• [Task data]:
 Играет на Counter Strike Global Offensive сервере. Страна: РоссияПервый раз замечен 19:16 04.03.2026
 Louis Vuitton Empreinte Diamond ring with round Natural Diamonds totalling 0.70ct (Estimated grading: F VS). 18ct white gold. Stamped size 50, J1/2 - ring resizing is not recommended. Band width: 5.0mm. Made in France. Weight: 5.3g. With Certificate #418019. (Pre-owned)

---

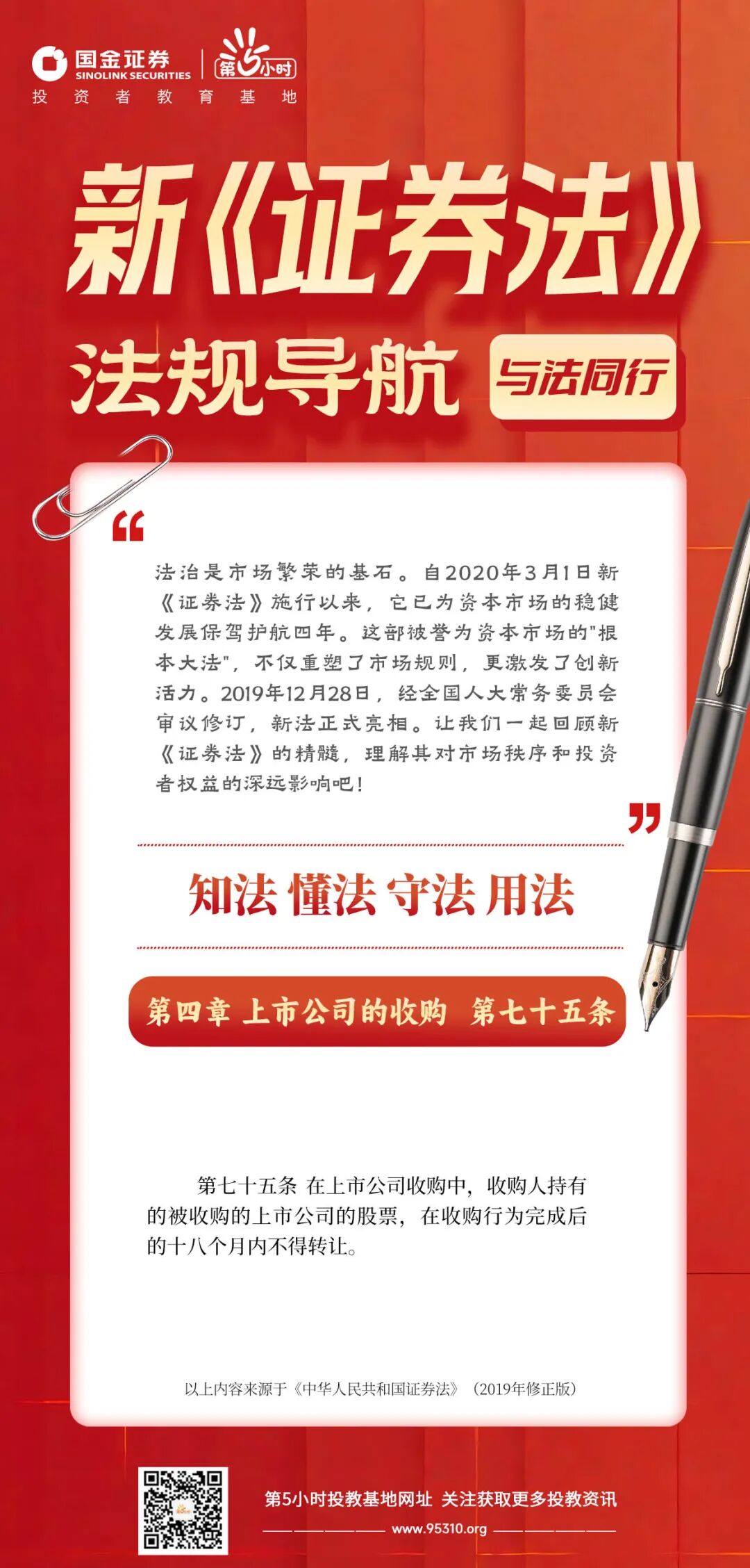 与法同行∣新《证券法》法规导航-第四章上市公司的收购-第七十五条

...

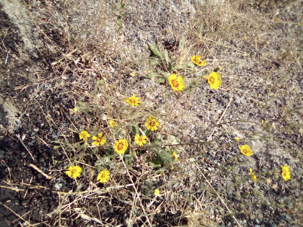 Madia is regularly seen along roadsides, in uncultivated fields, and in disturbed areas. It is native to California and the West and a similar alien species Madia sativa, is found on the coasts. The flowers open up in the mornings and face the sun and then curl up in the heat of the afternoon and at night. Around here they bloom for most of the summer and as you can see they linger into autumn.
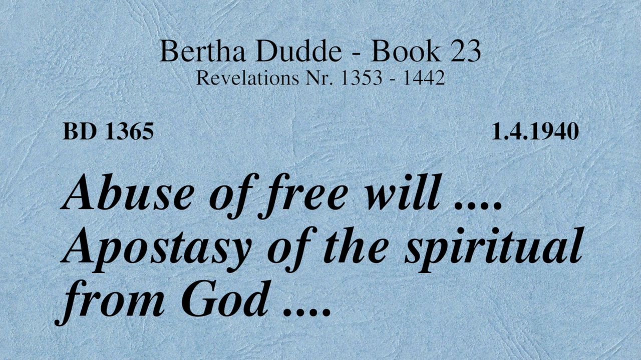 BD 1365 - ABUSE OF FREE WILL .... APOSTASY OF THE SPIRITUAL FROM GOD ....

• [Exercise directions]: From the material above, output only the span of lines that starts at the one containing "Madia is regularly" and finishes at the one containing "BD 1365 - ABUSE", word for word and free of pictures.

• [Worked solution]:
 Madia is regularly seen along roadsides, in uncultivated fields, and in disturbed areas. It is native to California and the West and a similar alien species Madia sativa, is found on the coasts. The flowers open up in the mornings and face the sun and then curl up in the heat of the afternoon and at night. Around here they bloom for most of the summer and as you can see they linger into autumn.
 BD 1365 - ABUSE OF FREE WILL .... APOSTASY OF THE SPIRITUAL FROM GOD ....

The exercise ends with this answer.